The researchers then developed a catalyst using copper and palladium that allowed the artificial leaf to produce complex chemicals like ethanol and propanol. Both of these multicarbon alcohols are also high-density fuels that can be stored and transported easily.

Research from other groups has also led to the synthesis of these alcohol molecules, but the source of energy in their case was electricity. This is the first time only solar energy has been used to synthesize these chemicals.

The device is still in the proof of concept stage. The research team is now working to optimize the light absorbers and the catalyst so that more fuel can be generated, increasing the overall efficiency of the system. Further work will also involve increasing the size of the leaf so that large volumes of fuel can be generated at a time.

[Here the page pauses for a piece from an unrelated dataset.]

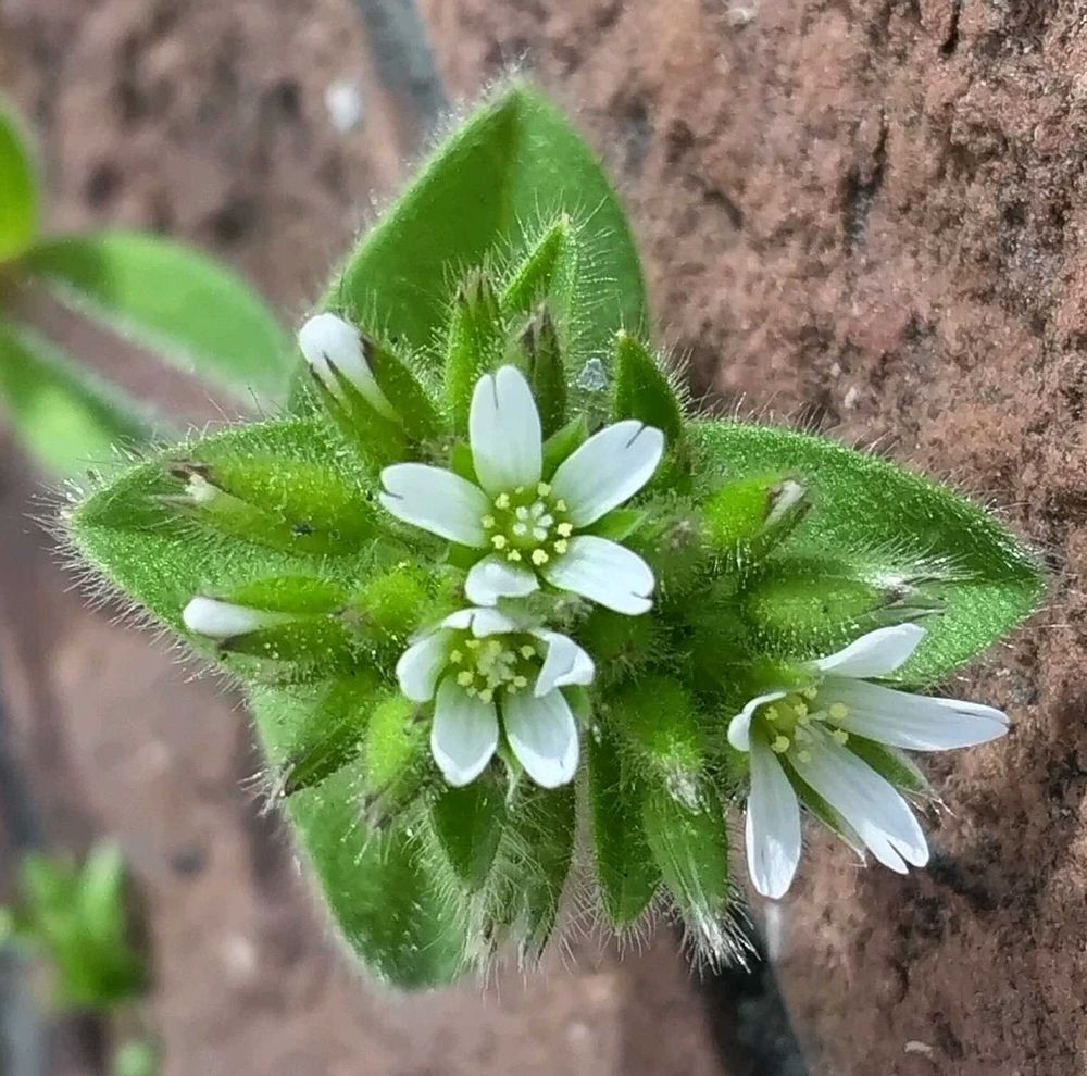 花壇のレンガと歩道の隙間に1本だけ生えていたオランダミミナグサ。

The research findings were published today in the journal Nature Energy.

Abstract:

The synthesis of high-energy-density liquid fuels from CO2 and H2O powered by sunlight has the potential to create a circular economy. Despite the progress in producing simple gaseous products, the assembly of unassisted photoelectrochemical devices for liquid multi-carbon production remains a major challenge. Here we assembled a standalone artificial leaf device by integrating an oxide-derived Cu94Pd6 electrocatalyst with perovskite–BiVO4 tandem light absorbers that couple CO2 reduction with water oxidation. The wired Cu94Pd6 | perovskite–BiVO4 device provides a Faradaic efficiency of ~7.5% for multi-carbon alcohols (~1:1 ethanol and n-propanol), whereas the standalone artificial leaf produces ~1 μmol cm−2 alcohols after 20 h unassisted operation under AM 1.5 G irradiation with a rate of~50 μmol h−1 gCuPd−1. This study demonstrates the production of multi-carbon liquid fuels from CO2 over an artificial leaf and therefore brings us a step closer in using sunlight to generate value-added complex products.